*DIRECTIONS*:
Below are lines of data, and only some are wanted. Please repeat exactly those from the line that has "Pantaloni AMI Paris" through the line that has "2、进入挑战页面后,在加入一项挑战板块中选择目标挑战,点击挑战对应的加入。".

*THE INPUT*:
○ ○ ○ ○ ○

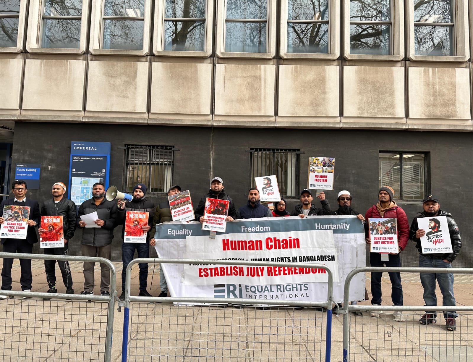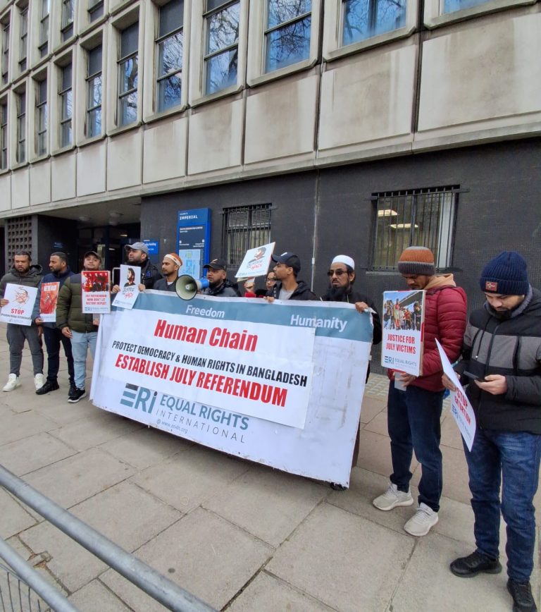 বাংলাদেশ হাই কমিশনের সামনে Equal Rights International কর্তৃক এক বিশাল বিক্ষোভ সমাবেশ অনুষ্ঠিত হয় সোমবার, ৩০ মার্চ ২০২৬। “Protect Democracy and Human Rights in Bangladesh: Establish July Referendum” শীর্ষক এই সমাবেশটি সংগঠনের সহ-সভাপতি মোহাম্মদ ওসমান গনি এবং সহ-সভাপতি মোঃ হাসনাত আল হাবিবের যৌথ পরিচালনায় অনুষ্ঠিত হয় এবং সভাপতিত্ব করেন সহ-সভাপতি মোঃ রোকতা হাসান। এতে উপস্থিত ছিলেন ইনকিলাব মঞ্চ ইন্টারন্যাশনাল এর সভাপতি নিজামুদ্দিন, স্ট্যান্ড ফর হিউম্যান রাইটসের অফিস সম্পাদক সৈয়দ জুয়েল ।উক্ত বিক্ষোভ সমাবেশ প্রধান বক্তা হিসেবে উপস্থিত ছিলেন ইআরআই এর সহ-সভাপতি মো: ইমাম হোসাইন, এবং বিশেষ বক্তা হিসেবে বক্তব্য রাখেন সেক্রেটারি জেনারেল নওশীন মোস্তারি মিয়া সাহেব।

○ ○ ○ ○ ○

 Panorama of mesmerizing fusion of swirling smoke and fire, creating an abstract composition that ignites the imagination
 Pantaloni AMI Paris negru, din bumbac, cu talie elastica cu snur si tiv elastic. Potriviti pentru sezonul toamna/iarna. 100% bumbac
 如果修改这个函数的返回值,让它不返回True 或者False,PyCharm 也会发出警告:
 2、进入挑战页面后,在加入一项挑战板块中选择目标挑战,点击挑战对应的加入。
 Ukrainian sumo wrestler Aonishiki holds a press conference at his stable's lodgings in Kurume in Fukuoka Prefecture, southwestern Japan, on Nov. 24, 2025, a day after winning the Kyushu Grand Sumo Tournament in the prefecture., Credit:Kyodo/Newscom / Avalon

○ ○ ○ ○ ○

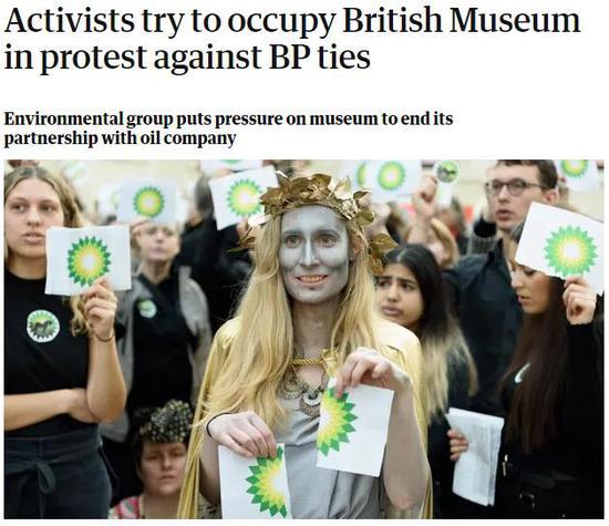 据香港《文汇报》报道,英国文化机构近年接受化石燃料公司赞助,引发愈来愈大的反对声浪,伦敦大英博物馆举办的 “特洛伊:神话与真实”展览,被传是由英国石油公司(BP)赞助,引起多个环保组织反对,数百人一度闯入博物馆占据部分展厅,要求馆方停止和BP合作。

○ ○ ○ ○ ○

*FINAL ANSWER*:
 Pantaloni AMI Paris negru, din bumbac, cu talie elastica cu snur si tiv elastic. Potriviti pentru sezonul toamna/iarna. 100% bumbac
 如果修改这个函数的返回值,让它不返回True 或者False,PyCharm 也会发出警告:
 2、进入挑战页面后,在加入一项挑战板块中选择目标挑战,点击挑战对应的加入。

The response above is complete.